Sales of resale homes, which include single-family, townhomes, condominiums and co-ops, fell to a seasonally adjusted annual rate of 5.02 million units last month, down from January’s rate of 5.05 million units, though were up from the 4.69 million unit rate in February 2009, the report said.
The monthly decrease was driven by a 1.4 percent month-to-month decline in single-family home sales, which make up the vast majority of existing home sales. Sales of resale condos and co-ops, meanwhile, rose 4.8 percent month-to-month. They also rose 30.3 percent year-over-year, compared to a 4.3 percent increase for single-family homes.
While the association pointed to winter storms as partially to blame for the month-to-month drop, "the housing recovery is fragile at the moment," said Lawrence Yun, the association’s chief economist.
Resale housing inventory increased 9.5 percent month-to-month, to 3.59 million existing homes, but fell 5.5 percent year-over-year, the report said. At the current sales pace, that’s an 8.6-month supply, compared to a 7.8-month supply in January. A six-month supply represents an equilibrium between a buyer’s market and a seller’s market, with a higher inventory representing a buyer’s market.
The association noted the approach of an important deadline for a federal homebuyer tax credit program — a purchase contract must be signed by April 30 and the sale must close by June 30 to be eligible for the credit.
"The key test for a durable recovery comes in the next few months, as the tax credit deadline approaches," Yun said. "If we see a surge in homebuying comparable to last fall in the months leading up to the original tax credit deadline, then enough inventory should be absorbed to ensure a broad home-price stabilization."
The national median existing-home price fell 1.8 percent year-over-year in February, to $165,100 from $168,200 in February 2009. More than a third (35 percent) of existing-home sales last month were for distressed properties, which are "generally sold at discount," the report said.
The vast majority, 72 percent, of existing homes were sold for under $250,000. Homes above $750,000 saw the biggest year-over-year gains, however, with homes between $750,000 and $1 million seeing a 39.6 percent increase while homes above $1 million saw a 35.5 percent increase. In contrast, the median price of homes under $100,000 rose about 3.1 percent year-over-year. …CONTINUED
First-time homebuyers made up 42 percent of purchasers, while investors made up 19 percent and repeat buyers made up 39 percent of total buyers, according to a NAR practitioner survey.

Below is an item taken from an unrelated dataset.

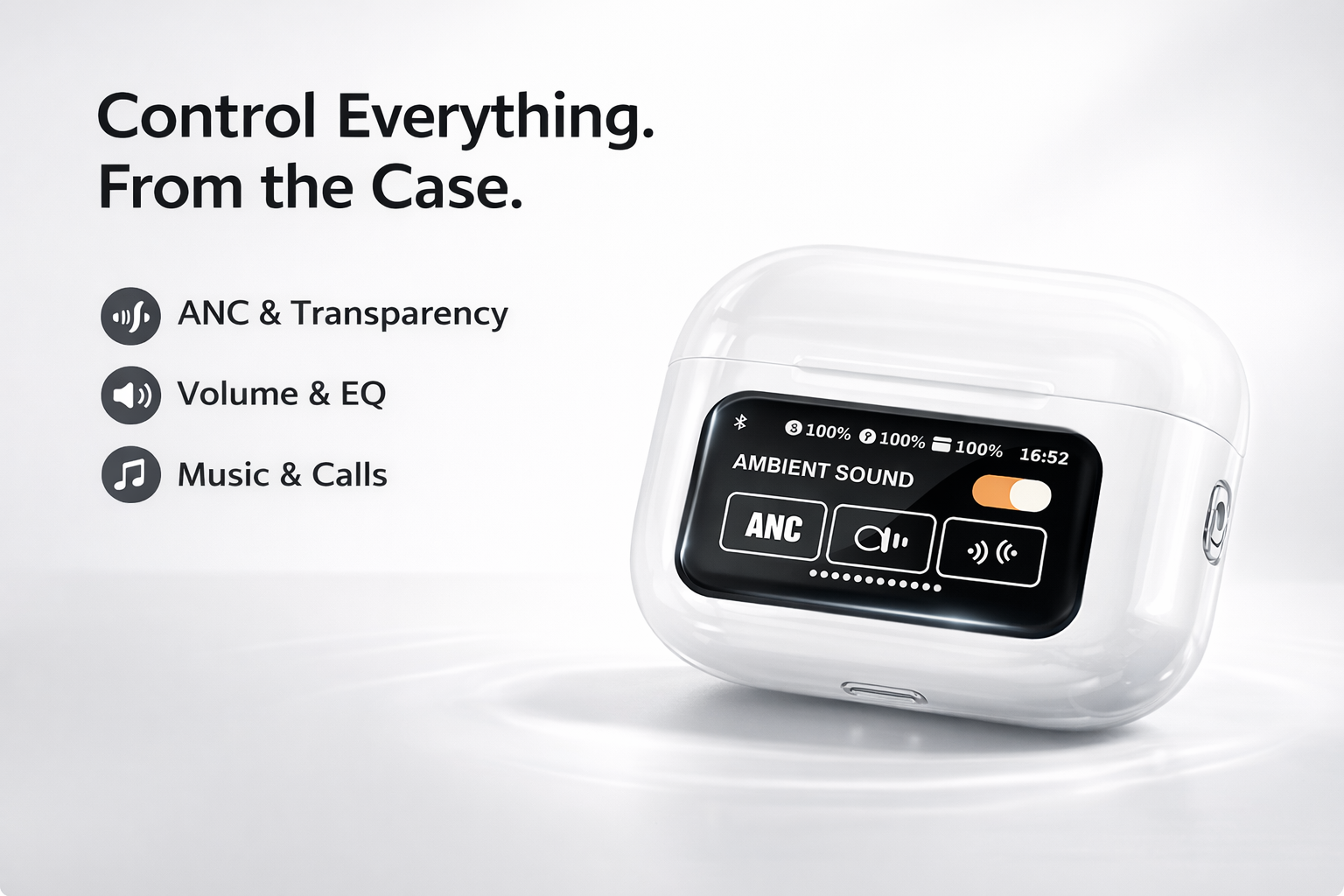 Control everything directly from the case. Easily manage ANC and transparency modes, adjust volume and EQ, control music and calls, find your earbuds, or use remote camera control — all without opening your phone.

Regionally, existing home sales in the Northeast and Midwest rose 2.4 percent and 2.8 percent month-to-month, respectively; and each also rose year-over-year, 12 percent and 8.8 percent, respectively.
These gains did not make up for the month-to-month declines in the South and West, however, which saw drops of 1.1 percent and 4.7 percent, respectively. Each rose year-over-year: 6.9 percent and 3.4 percent, respectively. Together, both regions make up 61 percent of the total inventory of existing homes.
"A lack of affordable housing inventory is holding back sales and pressuring prices to be bid upwards in many California markets," Yun said.
A separate report by the California Association of Realtors noted that existing single-family home sales in the Golden State fell 11.7 percent year-over-year in February to a seasonally adjusted rate of 528,930 units.
At the same time, the statewide median price rose 14.1 percent year-over-year, to $279,840, while unsold inventory fell to 6.3 months compared to 7.1 months in February of last year, the report said.
"Sales of distressed properties to investors and first-time buyers continued to drive the market in February, although at a lesser rate than a year ago," said Leslie Appleton-Young, the association’s vice president and chief economist.
"Supply continues to lag demand at the more affordable end of the market, with a 3.9-month supply of homes for sales priced below $300,000, compared with the long-run average of more than seven months. This contrasts sharply with the nearly 15-month supply of homes for sales priced at $1 million or more at the upper end of the market."
A supply of six months is generally indicative of a balanced market, with a supply greater than six months possibly indicating a buyer’s market and a supply of less than six months possibly indicating a seller’s market.